* Exercise
The answer must consist solely of the lines from the one containing "78 Braided Fabric" through the last line of the records below, repeated exactly, with all pictures omitted.

<<<<

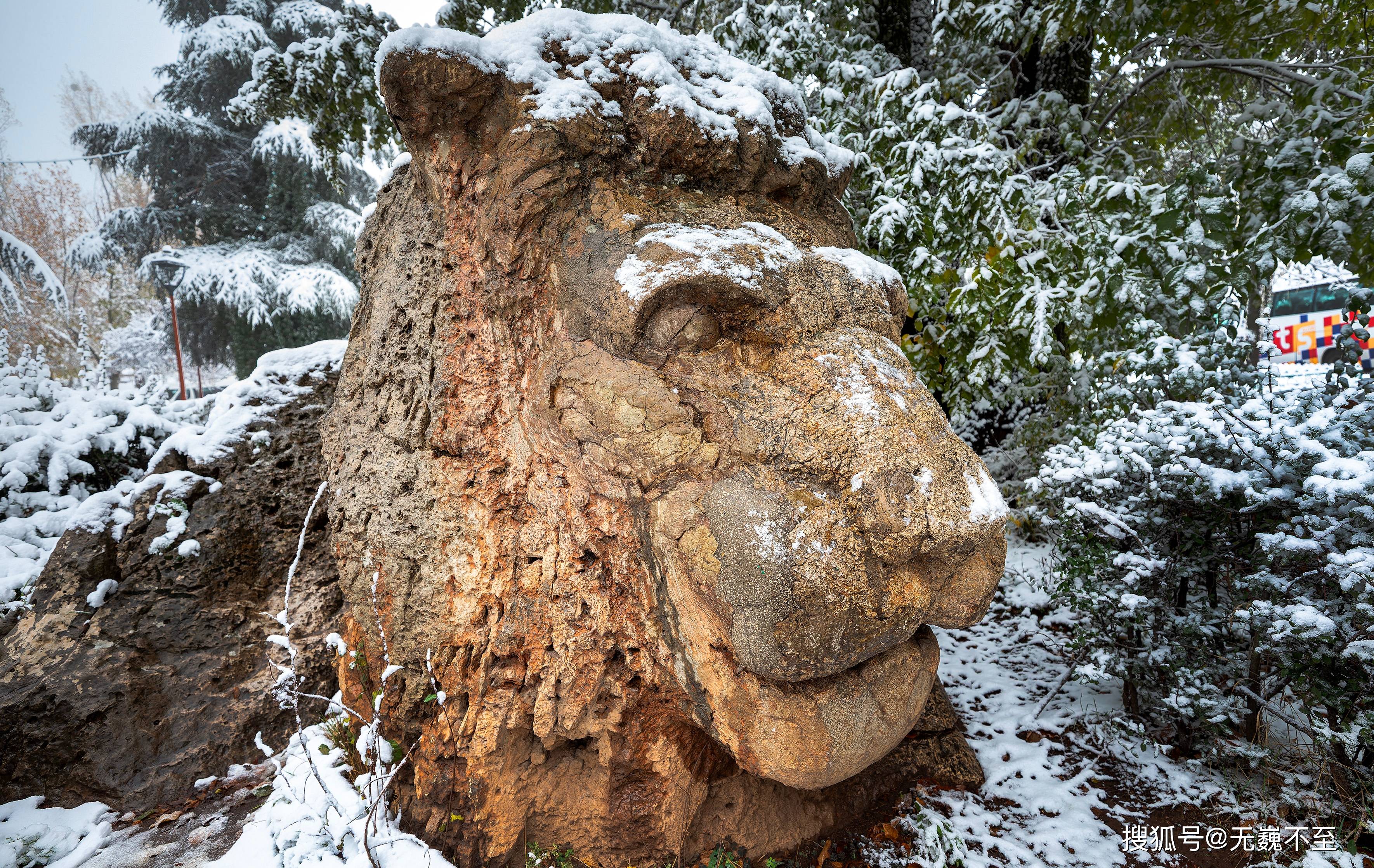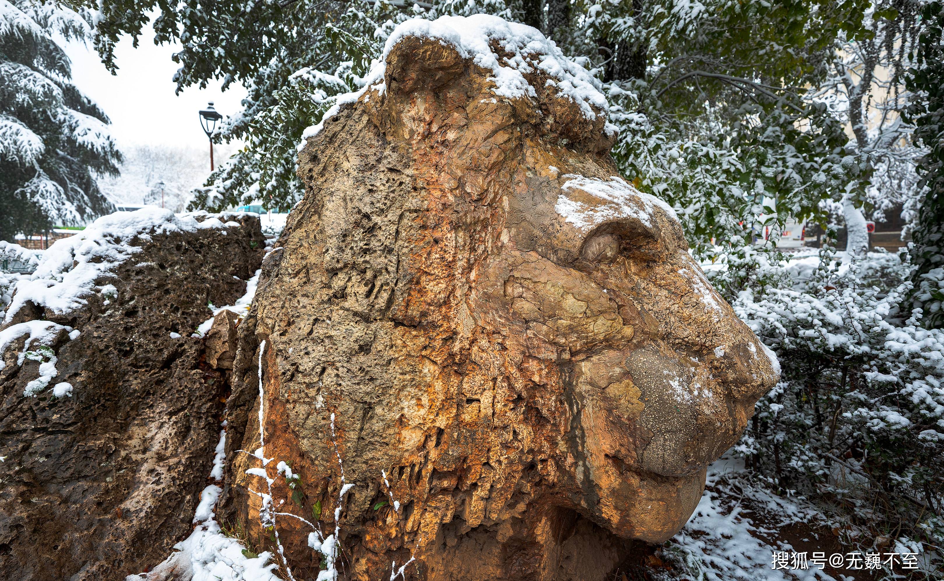 在街心公园的一侧,因处于浓荫之下,一大块橙黄略带些粉红的石头还未被积雪覆盖,过往人群都对着它指指点点,走近细看,方看出端倪:原来这是一只石雕狮子,轩昂有度,气质忧郁。这便是被视作伊芙兰象征的石狮子。据介绍,这只花岗岩石狮系二战时被盟军关押在此的一名德军战俘所雕,距今已有近80年历史了。
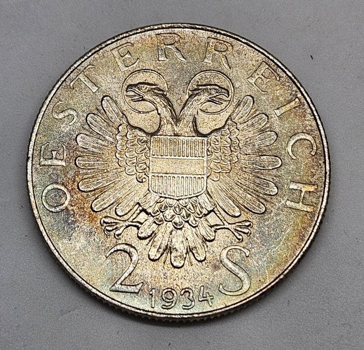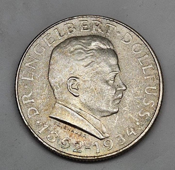 Rakousko 2 šilinky, 1934 Úmrtí Engelberta Dollfusse - Ag 640/1000, 12g, 29,4mm
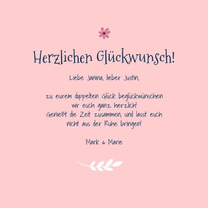 Zwei auf einen streich so ein glück. Ergänzen sie die glückwunschkarte zur geburt mit einem passenden spruch und machen sie so noch individueller. In deutschland werden in 1 5 prozent aller fälle zwillinge geboren.
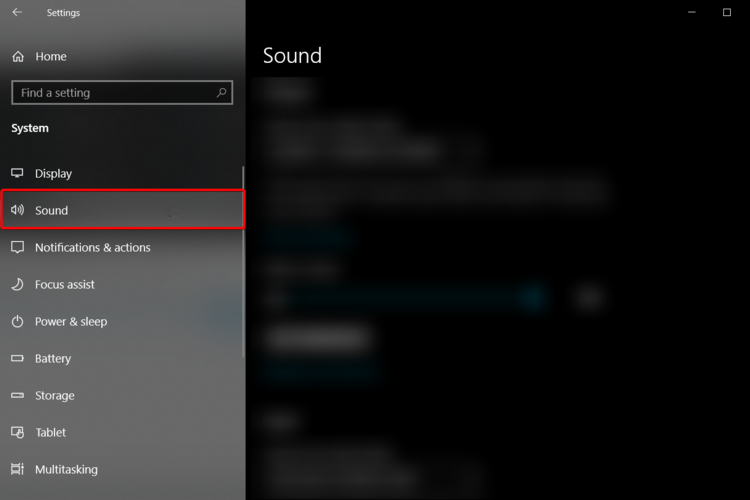 - Слева выберите Звук.
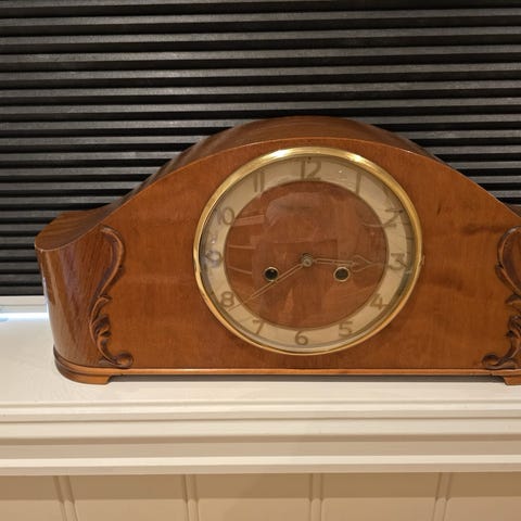 Antikk bordur i originalt, lakkert treverk og messingring rundt urskive. Dateres til ca. 1900. Klokken har mekanisk urverk med nøkkel for opptrekking. Designet har dekorativ form og en rund urskive med nydelig dekor. Passer som tidtaker og dekorasjon i hjemmet.Hyllen klokka står på kan kjøpes ved forespørsel. Det kan legges inn bud på pris og selges til høystbydende.
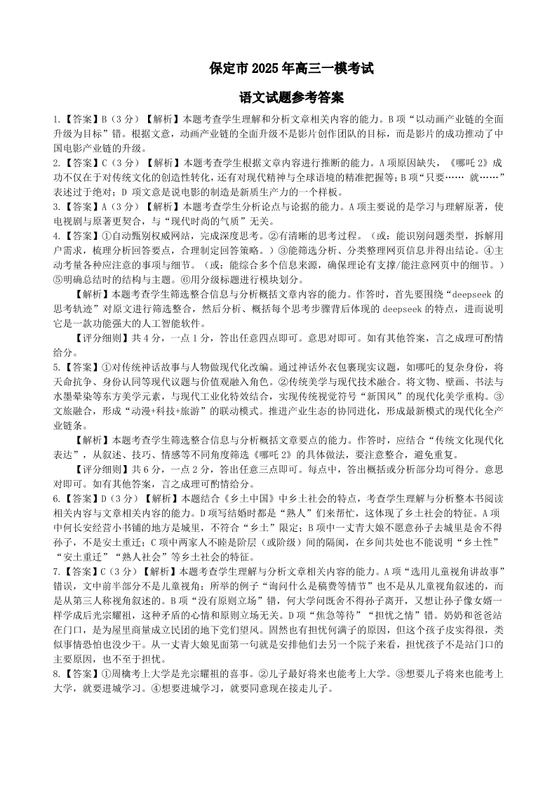 河北省保定市2024-2025学年下学期高三一模统考语文答案
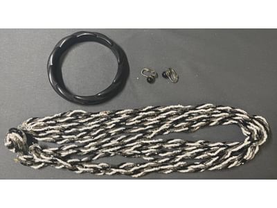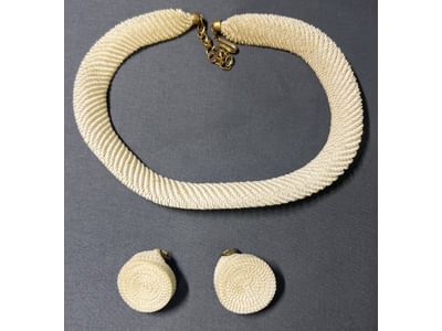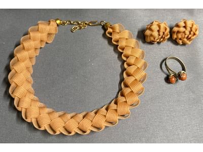 78 Braided Fabric Necklace, Fabric Clip-On Earrings, and Adjustable Two-Stone Ring
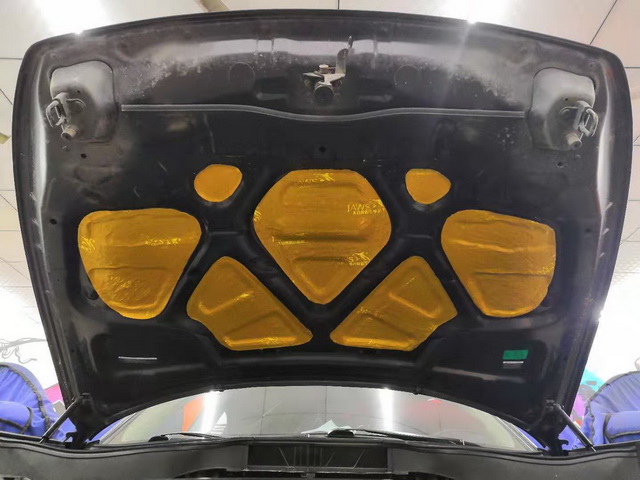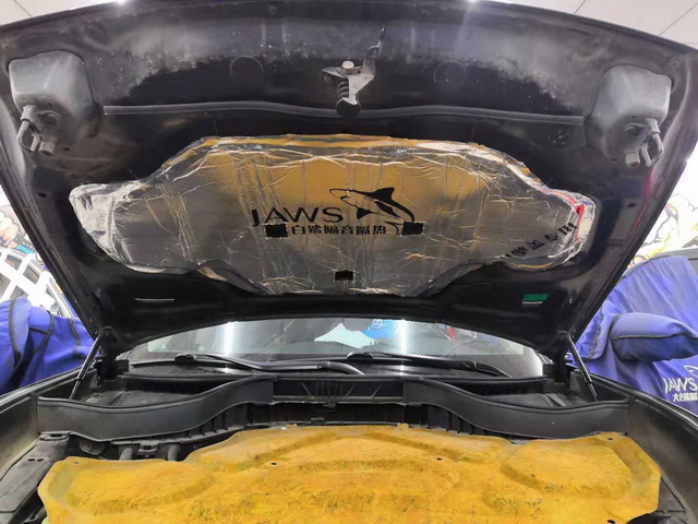 发动机工作时不仅会产生噪音,还会产生高温。所以使用大白鲨隔音材料对汽车引擎盖进行双层的隔音处理,能够在有效隔音吸音的同时,还能够起到隔热的作用,保护发动机机盖表面的车漆。
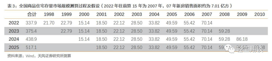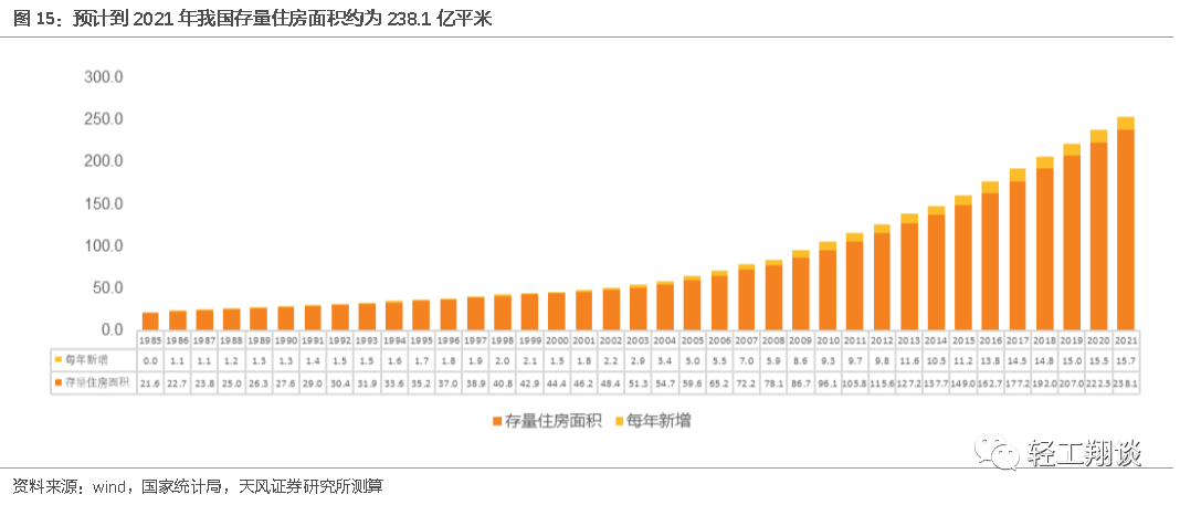 每年存量更新需求:2022-2025年城鎮(zhèn)商品住宅存量翻新套數(shù)預(yù)計(jì)分別為338、375、439、517萬套。假設(shè)存量商品房15年翻新一次,每年翻新比例為10%,平均住宅面積為100平米/套。

>>>>

* Response to this task
 78 Braided Fabric Necklace, Fabric Clip-On Earrings, and Adjustable Two-Stone Ring
 发动机工作时不仅会产生噪音,还会产生高温。所以使用大白鲨隔音材料对汽车引擎盖进行双层的隔音处理,能够在有效隔音吸音的同时,还能够起到隔热的作用,保护发动机机盖表面的车漆。
 每年存量更新需求:2022-2025年城鎮(zhèn)商品住宅存量翻新套數(shù)預(yù)計(jì)分別為338、375、439、517萬套。假設(shè)存量商品房15年翻新一次,每年翻新比例為10%,平均住宅面積為100平米/套。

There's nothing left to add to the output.